» Given records:
──────
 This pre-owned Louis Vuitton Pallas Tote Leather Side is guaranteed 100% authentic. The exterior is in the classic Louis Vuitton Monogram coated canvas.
──────
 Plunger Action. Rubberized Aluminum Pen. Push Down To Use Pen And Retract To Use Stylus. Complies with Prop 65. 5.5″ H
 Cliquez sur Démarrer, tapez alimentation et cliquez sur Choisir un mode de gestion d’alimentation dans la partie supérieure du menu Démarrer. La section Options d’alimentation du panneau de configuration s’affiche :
──────
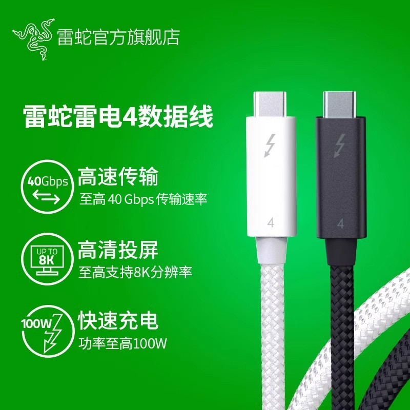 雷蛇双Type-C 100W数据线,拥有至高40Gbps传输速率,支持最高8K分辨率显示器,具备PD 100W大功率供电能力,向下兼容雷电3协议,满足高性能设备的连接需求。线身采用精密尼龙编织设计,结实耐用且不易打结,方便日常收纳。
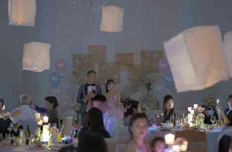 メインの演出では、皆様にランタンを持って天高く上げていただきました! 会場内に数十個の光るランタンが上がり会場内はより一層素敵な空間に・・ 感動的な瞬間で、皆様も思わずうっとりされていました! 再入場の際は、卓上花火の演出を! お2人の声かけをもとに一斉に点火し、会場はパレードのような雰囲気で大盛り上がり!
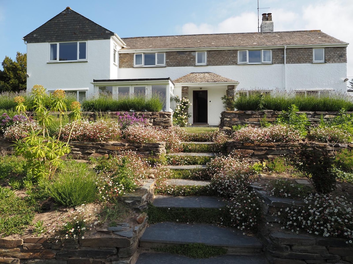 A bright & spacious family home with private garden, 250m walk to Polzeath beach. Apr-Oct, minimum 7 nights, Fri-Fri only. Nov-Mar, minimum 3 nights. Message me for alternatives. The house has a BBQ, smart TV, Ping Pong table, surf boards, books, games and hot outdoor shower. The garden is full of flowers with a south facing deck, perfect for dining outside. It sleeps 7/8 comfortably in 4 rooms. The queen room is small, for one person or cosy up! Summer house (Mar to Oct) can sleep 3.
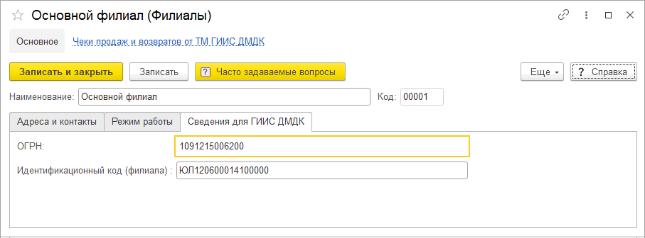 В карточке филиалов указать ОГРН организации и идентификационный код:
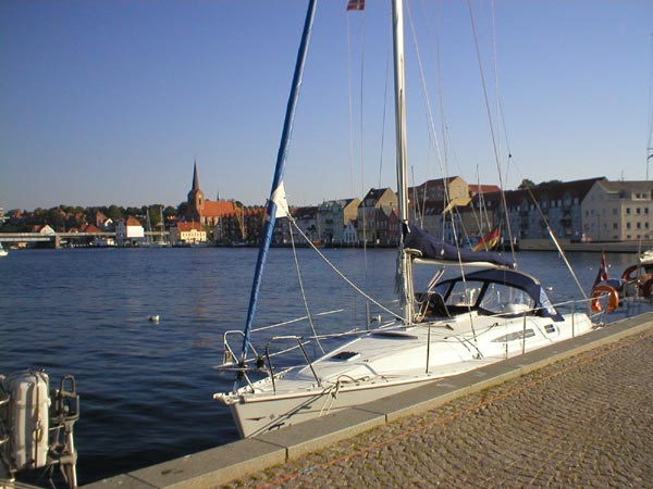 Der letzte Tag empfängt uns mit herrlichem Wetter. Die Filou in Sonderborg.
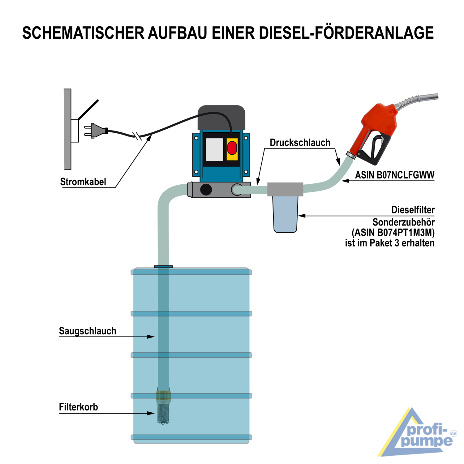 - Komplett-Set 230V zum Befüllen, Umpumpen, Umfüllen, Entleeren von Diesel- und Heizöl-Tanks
──────
» Work order: Output exactly the lines above, from the line with "Der letzte Tag" to the line with "- Komplett-Set 230V", both included; skip the pictures.

» Written answer:
 Der letzte Tag empfängt uns mit herrlichem Wetter. Die Filou in Sonderborg.
 - Komplett-Set 230V zum Befüllen, Umpumpen, Umfüllen, Entleeren von Diesel- und Heizöl-Tanks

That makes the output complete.